Problem to work on – Further down are entries; set down exactly and only the lines from the one with "Wunderlich Motorschutzbügel R" up to and including the one with "Foto: Unge fra", dropping each picture.

Extracted data entries:
== Segment start ==
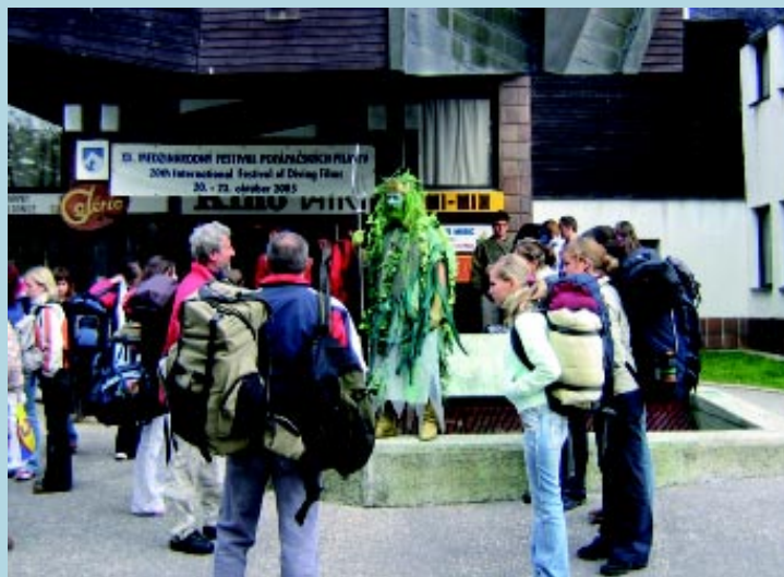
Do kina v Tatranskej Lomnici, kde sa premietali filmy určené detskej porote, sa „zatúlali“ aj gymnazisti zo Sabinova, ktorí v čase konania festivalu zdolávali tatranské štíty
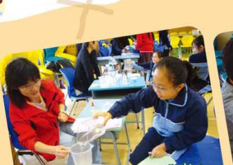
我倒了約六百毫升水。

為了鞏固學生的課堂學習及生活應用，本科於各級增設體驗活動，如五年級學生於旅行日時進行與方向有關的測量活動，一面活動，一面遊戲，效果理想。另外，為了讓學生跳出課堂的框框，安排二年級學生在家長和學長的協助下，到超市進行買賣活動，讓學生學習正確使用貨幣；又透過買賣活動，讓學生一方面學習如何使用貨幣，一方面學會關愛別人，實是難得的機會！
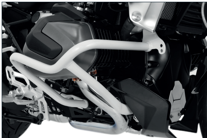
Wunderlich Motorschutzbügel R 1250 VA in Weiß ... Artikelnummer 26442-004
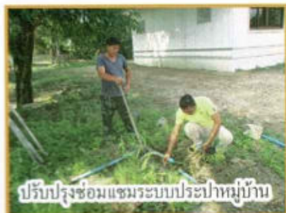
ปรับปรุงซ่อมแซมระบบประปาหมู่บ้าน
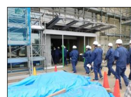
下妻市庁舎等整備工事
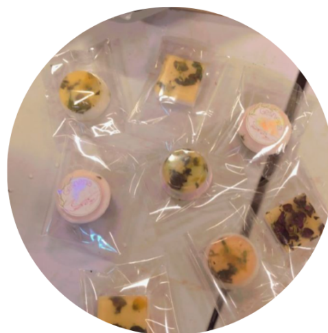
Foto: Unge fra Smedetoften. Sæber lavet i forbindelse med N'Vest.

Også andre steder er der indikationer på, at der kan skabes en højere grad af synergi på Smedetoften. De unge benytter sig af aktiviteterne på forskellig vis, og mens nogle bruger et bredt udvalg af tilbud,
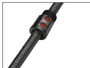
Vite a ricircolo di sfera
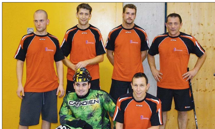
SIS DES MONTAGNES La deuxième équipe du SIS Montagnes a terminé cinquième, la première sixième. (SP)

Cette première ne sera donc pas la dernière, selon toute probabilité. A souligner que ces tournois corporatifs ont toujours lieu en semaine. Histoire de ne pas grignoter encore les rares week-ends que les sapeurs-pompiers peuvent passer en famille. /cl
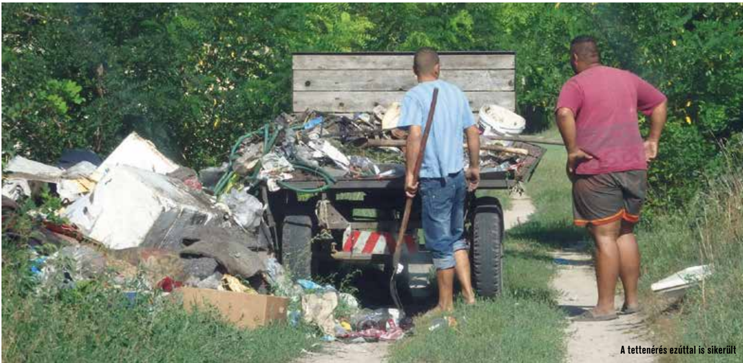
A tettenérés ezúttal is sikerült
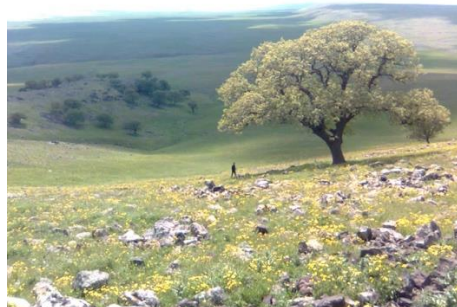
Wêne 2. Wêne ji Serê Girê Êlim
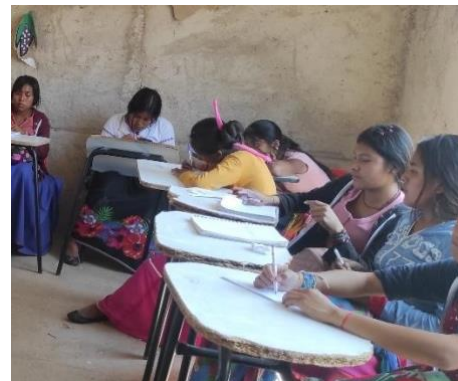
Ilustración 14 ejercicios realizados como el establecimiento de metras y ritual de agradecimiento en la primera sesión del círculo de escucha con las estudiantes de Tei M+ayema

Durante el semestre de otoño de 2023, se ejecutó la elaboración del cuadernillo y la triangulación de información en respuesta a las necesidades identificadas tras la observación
== Segment end ==
Answer below –
Wunderlich Motorschutzbügel R 1250 VA in Weiß ... Artikelnummer 26442-004
ปรับปรุงซ่อมแซมระบบประปาหมู่บ้าน
下妻市庁舎等整備工事
Foto: Unge fra Smedetoften. Sæber lavet i forbindelse med N'Vest.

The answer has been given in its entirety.